Live programmatic advertising has made big strides in recent years, but it still feels like we’re not quite ready for prime time. After a recent conversation with a friend who works deep in the day-to-day delivery of live programmatic, it became clear that while there’s momentum, the operational and technical gaps are still too wide. These aren't just minor growing pains. They are foundational issues that can break campaigns during the most critical moments.
One of the biggest challenges is that most platforms were not built with live event delivery in mind. They're optimized for on-demand environments where you have more flexibility with timing and less pressure on system resilience. But live is a different beast. You need real-time visibility into everything from pod fill to latency and failover paths. Many platforms offer limited monitoring and even less support when something goes wrong in the middle of a live stream.

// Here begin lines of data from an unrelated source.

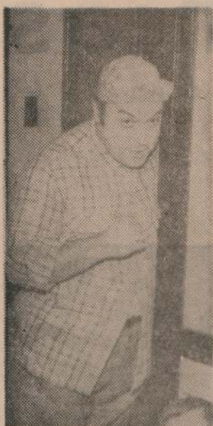
¿Aceptaría roles de "garán recio"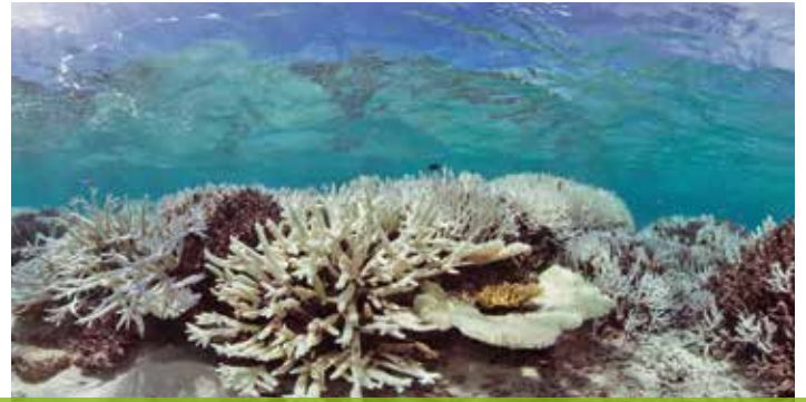
Korallen verlieren bei anhaltendem Hitzestress ihre leuchtenden Farben und bleichen aus.

im Wasser verändern. Ein Beispiel ist der «Blob», eine lang andauernde Hitzewelle im nordöstlichen Pazifik zwischen 2013 und 2015. Diese Hitzewelle entstand aufgrund einer atmosphärischen Störung, der sogenannten Omegalage, die sich durch Rückkopplungseffekte der warmen Oberflächentemperatur verstärkte. Auch die Hitzewelle in Europa im Jahr 2003 führte zu einem starken Temperaturanstieg im Mittelmeer.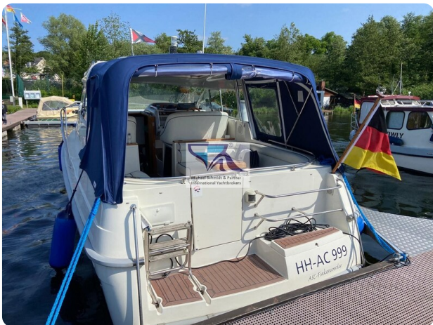
Marex 290 10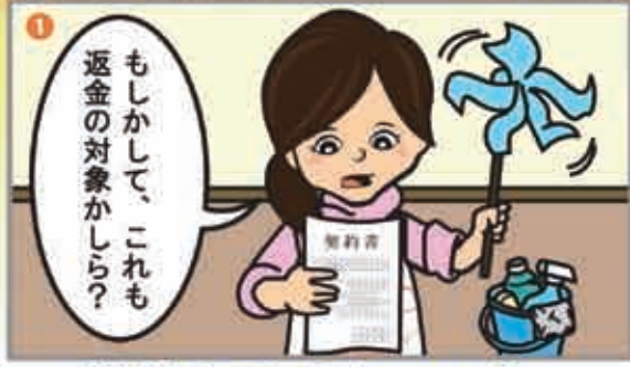
掃除をしていると・・・？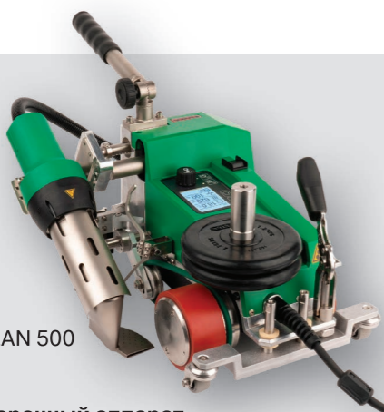
LEISTER UNIPLAN 500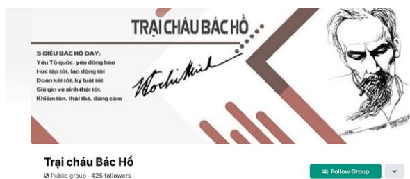
Một group trên Facebook có tên “Trại Cháu Bác Hồ” và Năm điều Bác Hồ dạy.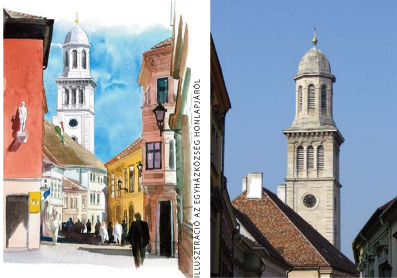
ILLUSZTRÁCIÓ AZ EGYHÁZKÖZSÉG HONLAPJÁRÓL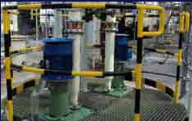
Bombas verticales sumergidas en planta de cloro-sosa.

Las bombas TECNIUM se fabrican con las últimas tecnologías de producción bajo estrictas normas de calidad, y destacan por su fiabilidad de funcionamiento y su robustez, garantizando ciclos de vida de producto muy largos y facilidad de mantenimiento.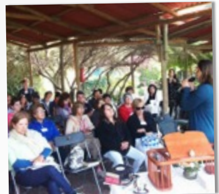
ÁREA DE ENSEÑANZAS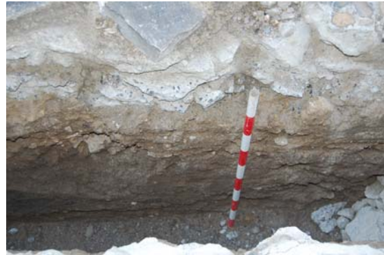
*Calle de los Claveles.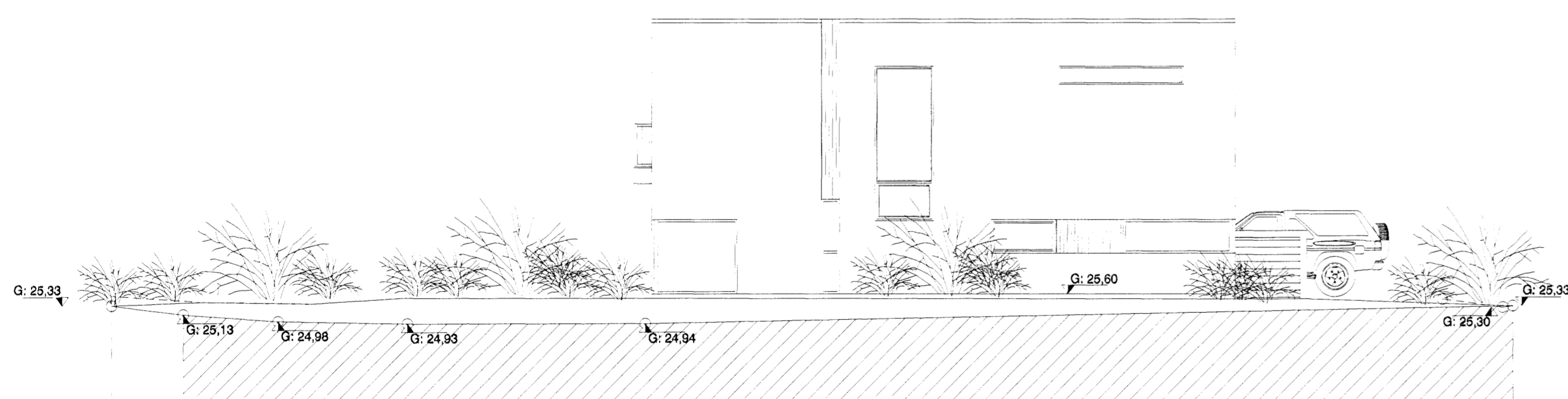
Útlit til norðurs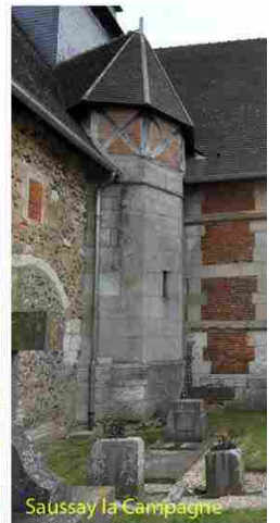
Saussay la Campagne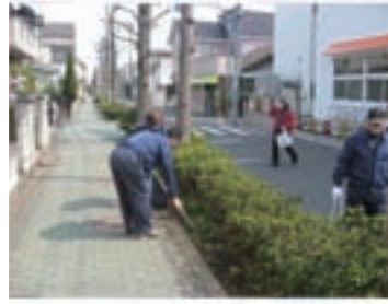
東京工場 「足立区門掃き支援活動」東京工場で毎月水曜日に周辺約100m四方を4ブロックに分け、ゴミの収集を行っております。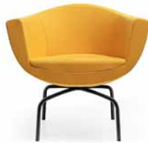
SORRISO 10HS CZARNY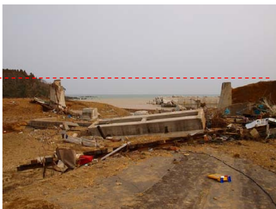
写真-39 愛宕神社付近の鉄道橋の被害 (1)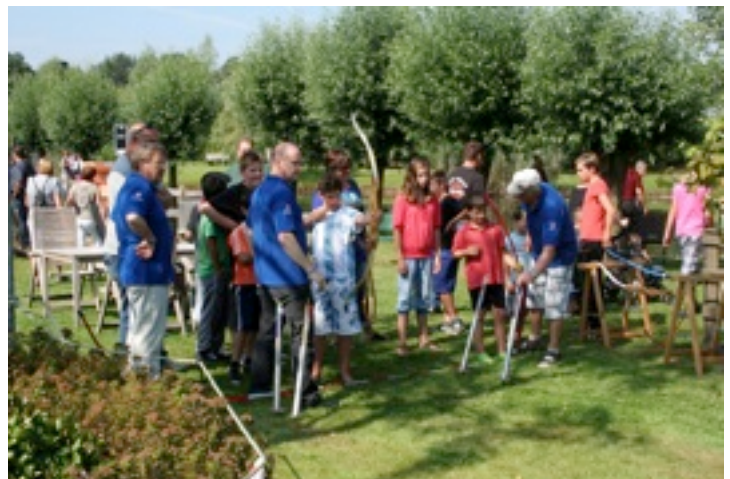
5 augustus: Jaarlijks oogstfeest van de Zandhoef. Aan belangstelling van de jeugd hadden we geen gebrek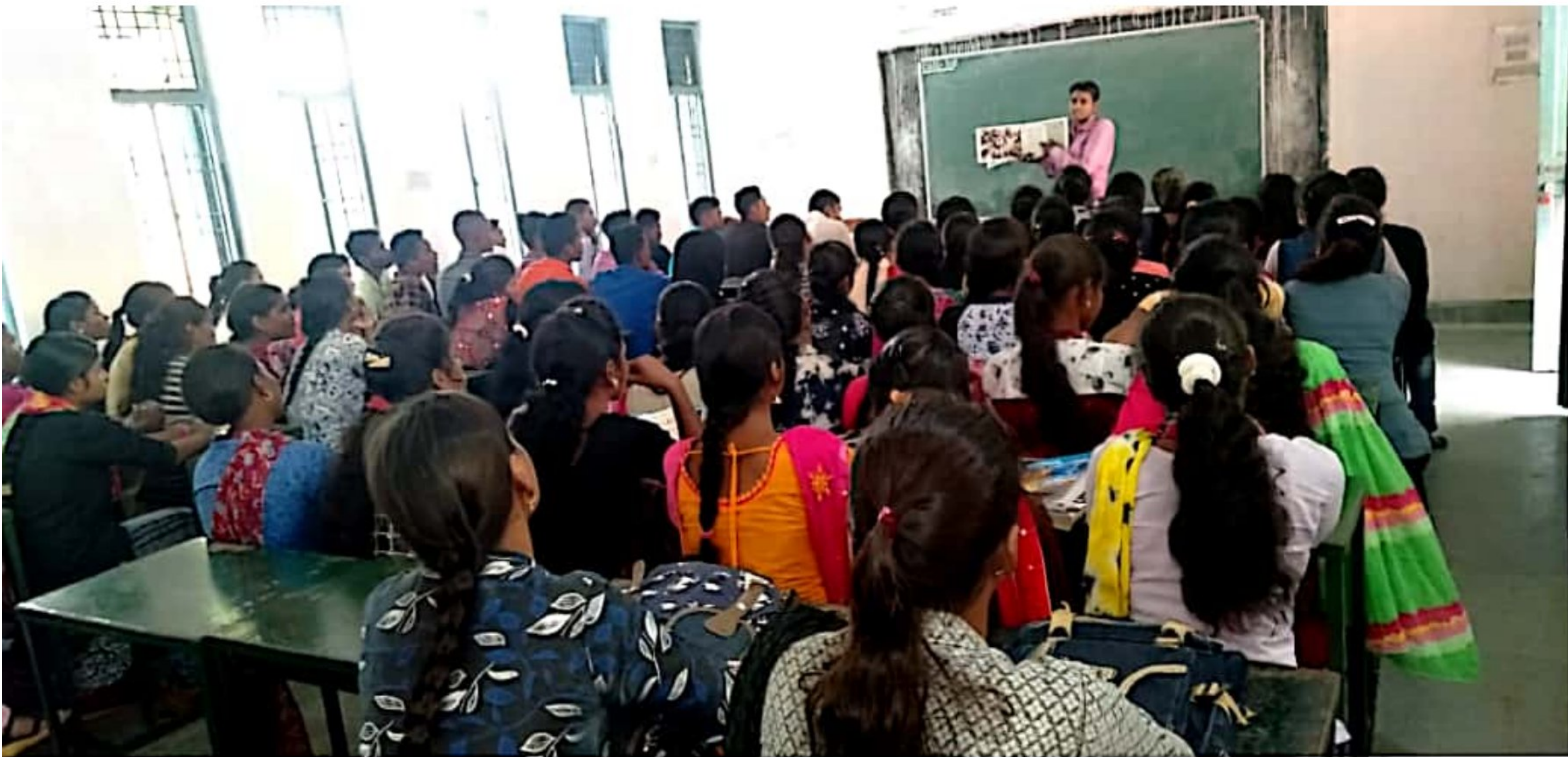
Carrier Guidance Seminar Under Rashtriya Uchatar Shikhya Abhiyan Date:- 23/02/2016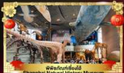
พิพิธภัณฑ์ธรรมชาติ Shanghai Natural History Museum

Latency is another major problem. During live delivery, even a few seconds of delay can cause pods to drop altogether, which leads to slates being shown instead of ads. This doesn’t just hurt revenue. It creates a bad viewer experience and undermines trust with broadcasters. The root of this often comes back to how systems are built. If your ad call is even slightly delayed or fails to clear the creative quickly enough, you’re going to miss your window.

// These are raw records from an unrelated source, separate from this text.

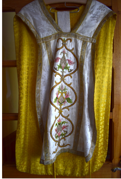
Ryc. 11 i 12. Ornat biały z XX w. Zdjęcie lewe przedstawia tył szaty, zdjęcie prawe przód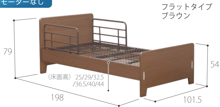
フラットタイプ ブラウン

ヘッドボード、ボトム、カラーを用途に応じて、 様々なバリエーションからお選びいただけます。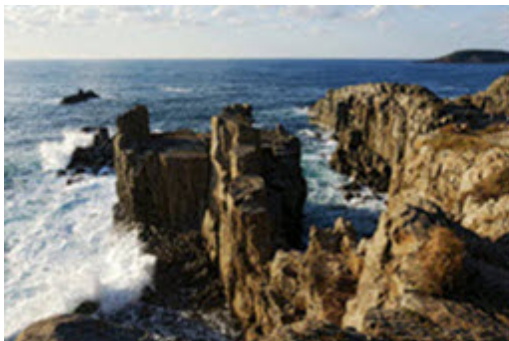
บริษัท เจแปนพาราไดซ์ ทัวร์ จำกัด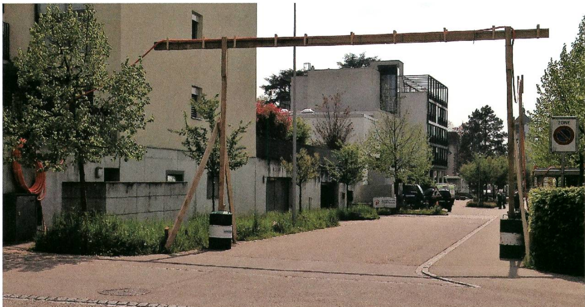
Kabelüberführung bei der VK Parkweg während dem Test mit der Vermaschung

Zusätzlich zu den Anlagen werden auch die Erkenntnisse aus VEiN weiter genutzt werden können. So konnten mit VEiN einige theoretische Aussagen zur dezentralen Stromeinspeisung bestätigt und gefestigt werden, dank denen die Verteilnetzbetreiber nun die Gewiss-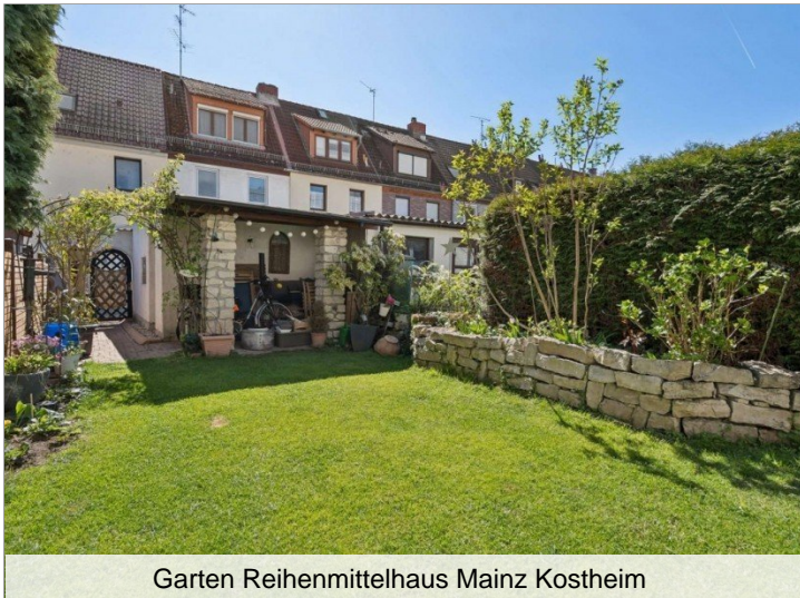
Garten Reihenmittelhaus Mainz Kostheim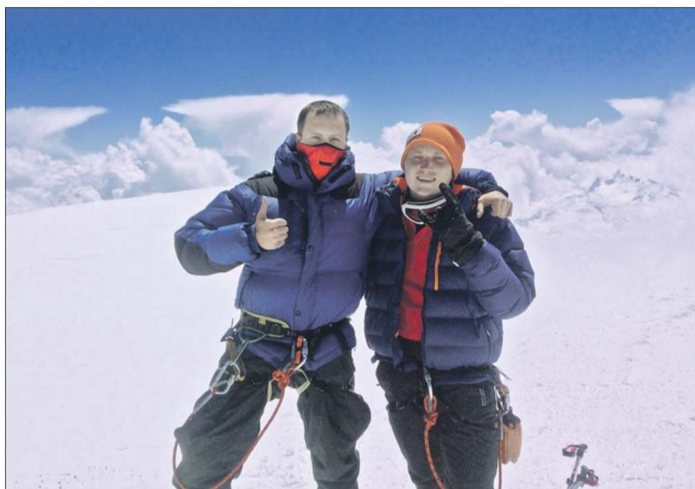
«И ты на вершине, ты счастлив и нем...»

— И тут один коллега по работе говорит: «А давай поедим на Эльбрус». Если честно, то сами не верили в то, что у нас получится,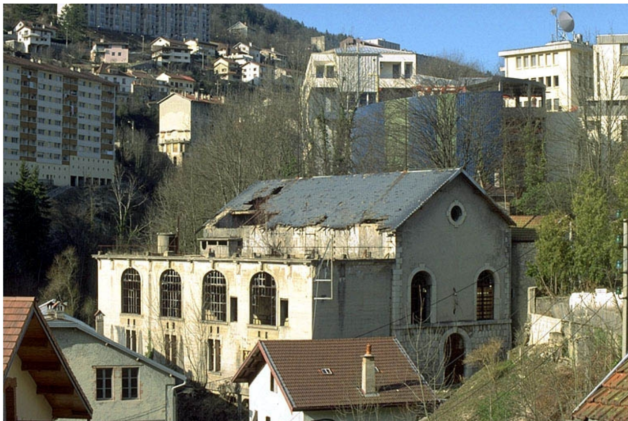
Vue d'ensemble rapprochée depuis le sud.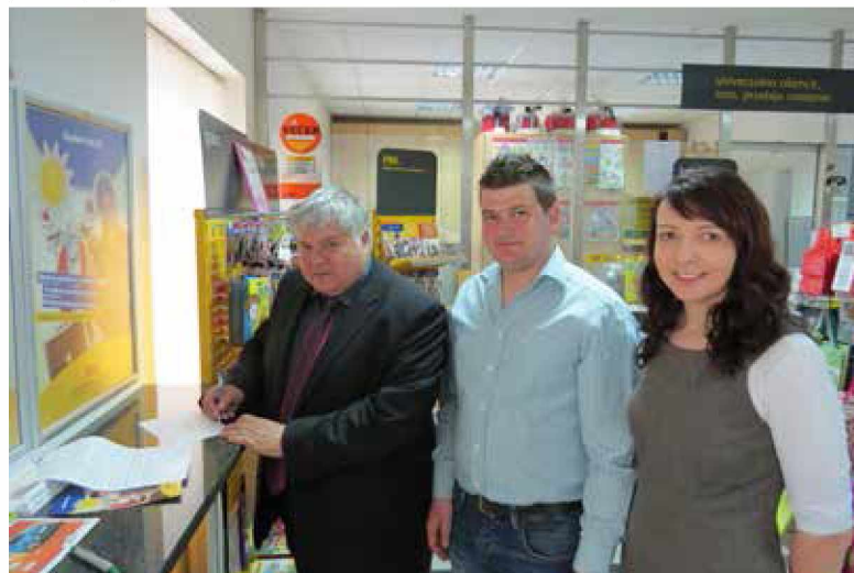
Župan je odprl osebni račun na pošti pri Gradu

S svojim prestopom k Poštni banki Slovenije sporoča vsem svojim občanom, da je odprtje bančnega računa na domači pošti pametna rešitev, saj je pošta v domačem kraju, dovolj blizu in odprta vsak dan do 17. ure, poslovanje pa se lahko ureja tudi s pomočjo pismonoše, ki pride na dom vsakemu občanu. Prav tako je poslovanje na domači pošti prijazno in enostavno.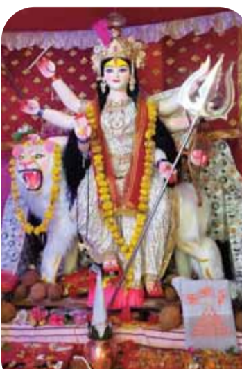
सार्वजनिक दुर्गात्सव समिति विरासन पाली।

Creative distribution for server-side ad insertion (SSAI) is also a weak link. Many teams still rely on just-in-time delivery of creative assets. That might work for VOD or less time-sensitive content, but for live events, it’s risky. You need assets prepped, QA’d, and loaded well ahead of time. If something fails to render or transcoding takes too long, you lose your slot. And there are still vendors in the ecosystem who don’t offer proper tools for creative preloading, which forces media buyers to build workarounds.
Then there’s the issue of measurement and tracking. We’re still depending heavily on 1x1 tracking pixels, which might be standard for web-based environments but introduce unnecessary latency in live video. Every added call increases the risk of delays or failed responses. Worse, it can interfere with stream performance. A more modern, lightweight approach to tracking is badly needed for live programmatic to be sustainable.

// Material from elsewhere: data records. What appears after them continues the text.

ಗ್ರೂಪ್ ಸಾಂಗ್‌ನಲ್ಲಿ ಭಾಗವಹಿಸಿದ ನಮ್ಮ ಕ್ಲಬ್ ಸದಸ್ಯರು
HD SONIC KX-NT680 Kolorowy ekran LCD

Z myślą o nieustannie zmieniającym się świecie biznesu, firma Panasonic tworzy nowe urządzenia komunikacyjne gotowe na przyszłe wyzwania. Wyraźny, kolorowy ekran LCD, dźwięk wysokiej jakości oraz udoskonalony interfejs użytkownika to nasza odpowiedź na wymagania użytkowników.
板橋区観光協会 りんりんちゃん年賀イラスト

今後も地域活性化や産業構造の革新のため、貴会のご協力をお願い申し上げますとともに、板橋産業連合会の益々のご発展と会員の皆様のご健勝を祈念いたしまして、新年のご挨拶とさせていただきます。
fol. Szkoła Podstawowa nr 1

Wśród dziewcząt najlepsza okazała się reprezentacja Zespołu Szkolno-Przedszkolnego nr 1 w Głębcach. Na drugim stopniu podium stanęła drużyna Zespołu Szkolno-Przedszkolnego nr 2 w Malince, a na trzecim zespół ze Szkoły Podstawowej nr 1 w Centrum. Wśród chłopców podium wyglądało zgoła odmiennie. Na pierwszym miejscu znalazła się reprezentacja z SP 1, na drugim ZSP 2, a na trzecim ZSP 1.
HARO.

Things tend to break down most visibly during high-demand moments like major sporting events, political debates, or award shows. The traffic surge in these moments often exceeds what the ad tech stack was designed to handle. QPS spikes can overwhelm servers, cause DSP timeouts, and completely halt delivery. This becomes even more of a problem when multiple SSPs are routing requests to the same buyers, multiplying the load across the chain. Very few systems are built to scale on demand at this level.
DSPs, for their part, still struggle to adapt to the volatile nature of live inventory. Because supply can surge or vanish in seconds, their pacing and bidding algorithms often miss opportunities or overcompensate. Some DSPs even pull back during major events to avoid waste or latency risk, which limits fill when it's most needed. On the buy side, teams are often left guessing how to allocate budget without proper real-time insight into inventory availability.
Vendor support during live events is also inconsistent. When something breaks, getting a real person who understands live delivery and can solve the problem in minutes — not hours — is rare. This puts pressure on internal teams to build redundancies or monitor systems manually, which isn’t scalable.
The question right now isn’t whether live programmatic has potential. It clearly does. But the current state of infrastructure, tooling, and coordination still requires too much patchwork. Teams are duct-taping things together behind the scenes to make it work, and that’s not sustainable long term.